A multicomponent mixture exhibits an envelope for liquid/vapor phase change in the pressure/temperature diagram, which contains a bubble-point line and a dew-point line, compared with only a phase change line for a pure component. The various reservoir types of oil and gas systems based on the phase behavior of hydrocarbons in the reservoir, in

which the following five types of reservoirs are distinguished:
Typical Phase Diagram of Hydrocarbons
  • Black oils;
  • Volatile oils;
  • Condensate (retrograde gases);
  • Wet gases;
  • Dry gases.

The amount of heavier molecules in the hydrocarbon mixtures varies from large to small in the black oils to the dry gases, respectively.

Black Oils

Black oil is liquid oil and consists of a wide variety of chemical species including large, heavy, and nonvolatile molecules. Typical black oil reservoirs have temperatures below the critical temperature of a hydrocarbon mixture. Point C1 in the same figure shows saturated back oil, which means that the oil contains as much dissolved gas as it can take and that a reduction of system pressure will release gas to form the gas phase. In transport pipelines, black oils are transported in the liquid phase throughout the transport process, whereas in production flowlines, produced hydrocarbon mixtures are usually in thermodynamical equilibrium with gas.

Volatile Oils

Volatile oils contain fewer heavy molecules than black oil, but more ethane through hexane. Reservoir conditions are very close to the critical temperature and pressure. A small reduction in pressure can cause the release of a large amount of gas.

Condensate

Retrograde gas is the name of a fluid that is gas at reservoir pressure and temperature. However, as pressure and temperature decrease, large quantities of liquids are formed due to retrograde condensation. Retrograde gases are also called retrograde gas condensates, gas condensates, or condensates.
Hydrocarbon Composition of Typical Reservoirs

For a pure substance a decrease in pressure causes a change of phase from liquid to gas at the vapor–pressure line; likewise, in the case of a multicomponent system, a decrease in pressure causes a change of phase from liquid to gas at temperatures below the critical temperature.

Wet Gases

A wet gas exists in a pure gas phase in the reservoir, but becomes a liquid/gas two-phase mixture in a flowline from the well tube to the separator at the topside platform. During the pressure drop in the flowline, liquid condensate appears in the wet gas.

Dry Gases

Dry gas is primarily methane. The hydrocarbon mixture is solely gas under all conditions of pressure and temperature encountered during the production phases from reservoir conditions involving transport and process conditions. In particular, no hydrocarbon-based liquids are formed from the gas although liquid water can condense. Dry gas reservoirs have temperatures above the cricondentherm.


Computer Models

Accurate prediction of physical and thermodynamic properties is a prerequisite to successful pipeline design. Pressure loss, liquid hold up, heat loss, hydrate formation, and wax deposition all require knowledge of the fluid states.

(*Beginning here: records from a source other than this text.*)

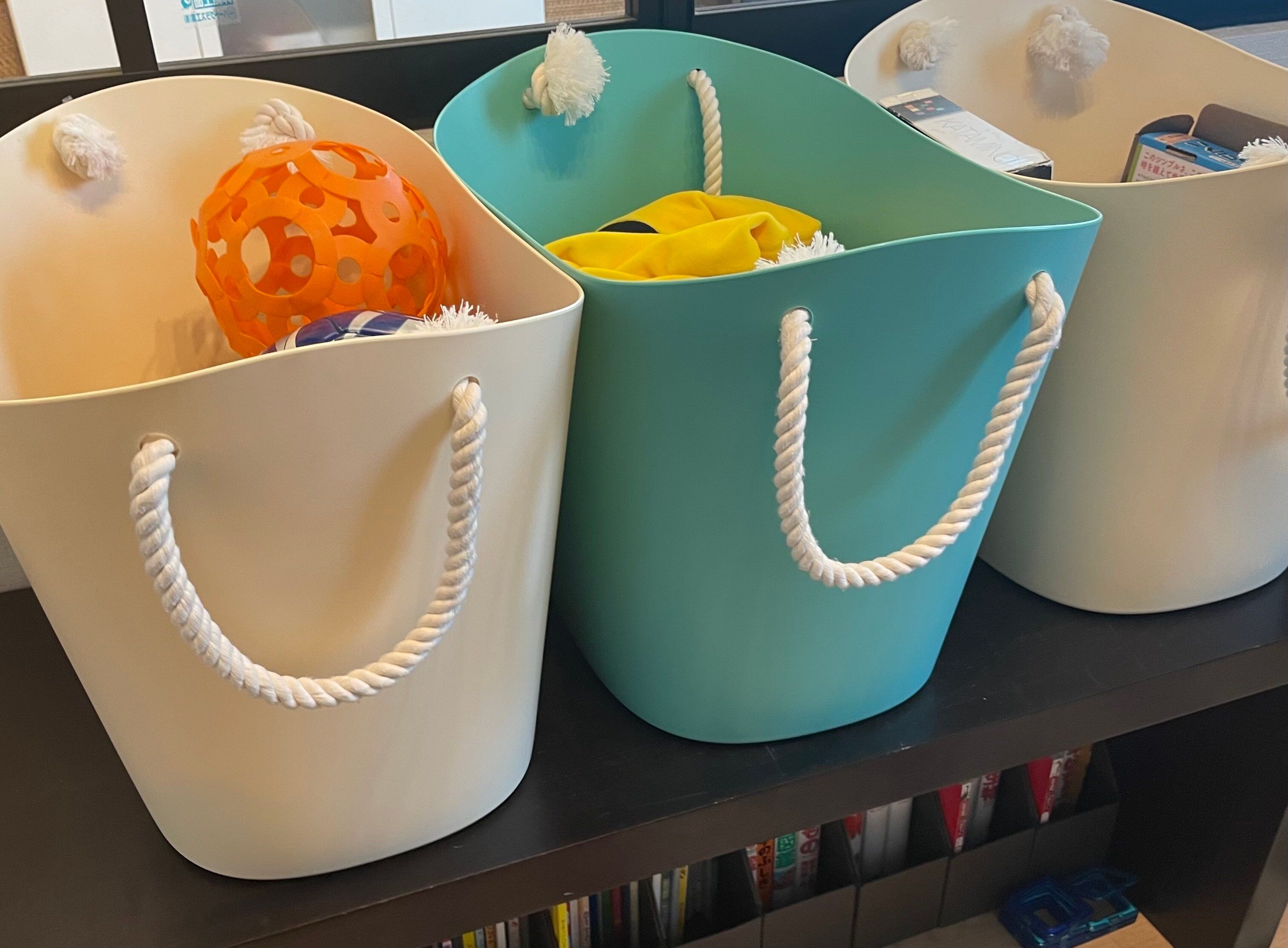 ・リビング横の棚に「名前付きボックス」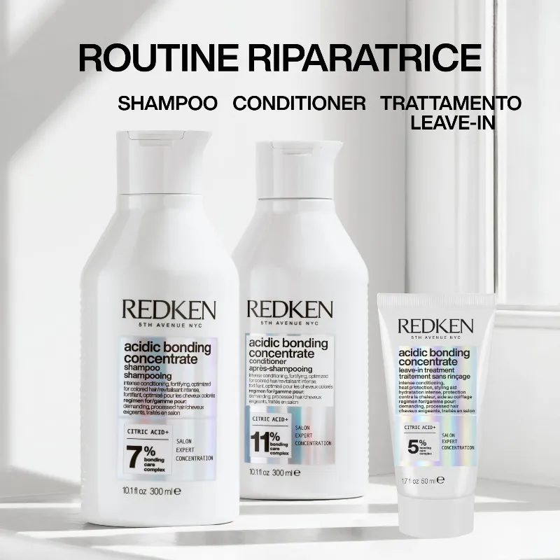 ** Utilizzando il Sistema complete di Acidic Bonding Concentrate Shampoo, Conditioner & Leave-in Treatment
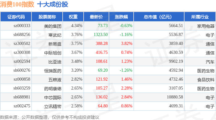 消费100(399364)指数十大成份股详情如下: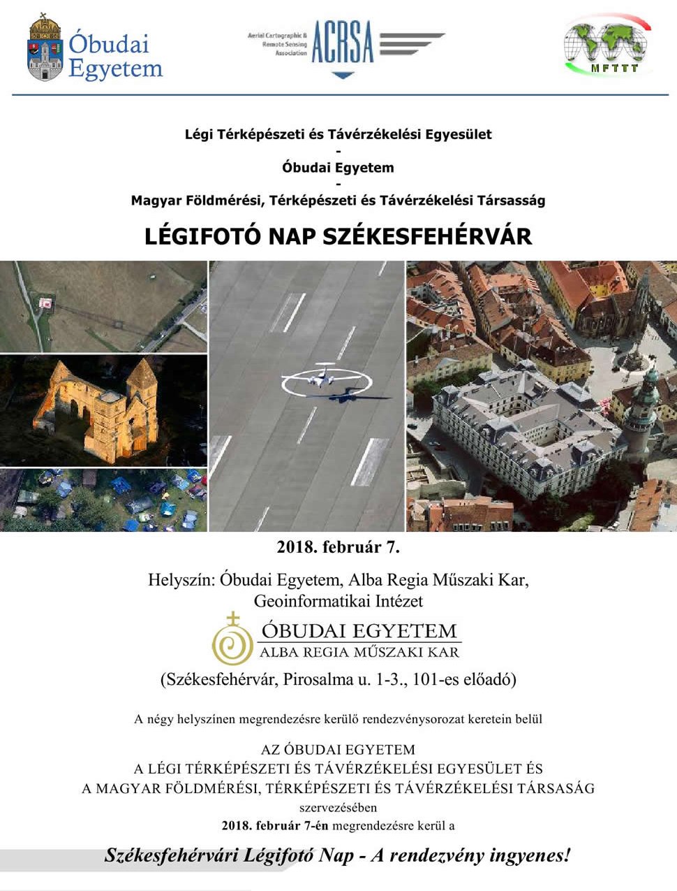 Az Óbudai Egyetem Alba Regia Műszaki Kara, a Légi Térképészeti és Távérzékelési Egyesület és a Magyar Földmérési, Térképészeti és Távérzékelési Társaság közösen szervezi meg február 7-én a Székesfehérvári Légifotó Napot február 7-én.

In flow assurance analyses, the following two approaches have been used to simulate hydrocarbon fluids:

  • “Black-oil” model: Defines the oil as a liquid phase that contains dissolved gas, such as hydrocarbons produced from the oil reservoir. The “black oil” accounts for the gas that dissolves (condenses) from oil solution with a parameter of Rs that can be measured from the laboratory. This model predicts fluid properties from the specific gravity of the gas, the oil

gravity, and the volume of gas produced per volume of liquid. Empirical correlations evaluate the phase split and physical property correlations determine the properties of the separate phases.

  • Composition model: For a given mole fraction of a fluid mixture of volatile oils and condensate fluids, a vapor/liquid equilibrium calculation determines the amount of the feed that exists in the vapor and liquid phases and the composition of each phase. It is possible to determine the quality or mass fraction of gas in the mixtures. Once the composition of

each phase is known, it is also possible to calculate the interfacial tension, densities, enthalpies, and viscosities of each phase.

The accuracy of the compositional model is dependent on the accuracy of the compositional data. If good compositional data are available, selection of an appropriate EOS is likely to yield more accurate phase behavior data than the corresponding black-oil model. This is particularly so if the hydrocarbon liquid is a light condensate. In this situation complex phase effects such as retrograde condensation are unlikely to be adequately handled by the black-oil methods. Of prime importance to hydraulic studies is the viscosity of the fluid phases. Both black-oil and compositional techniques can be inaccurate.

Depending on the correlation used, very different calculated pressure losses could result. With the uncertainty associated with viscosity prediction, it is prudent to utilize laboratory-measured values. The gas/oil ratio (GOR) can be defined as the ratio of the measured volumetric flow rates of the gas and oil phases at meter conditions (multiphase meter) or the volume ratio of gas and oil at the standard condition (1 atm, 60 F) in units of scf/STB. When water is also present, the water cut is generally defined as the volume ratio of the water and total liquid at standard conditions. If the water contains salts, the salt concentrations may be contained in the water phase at the standard condition.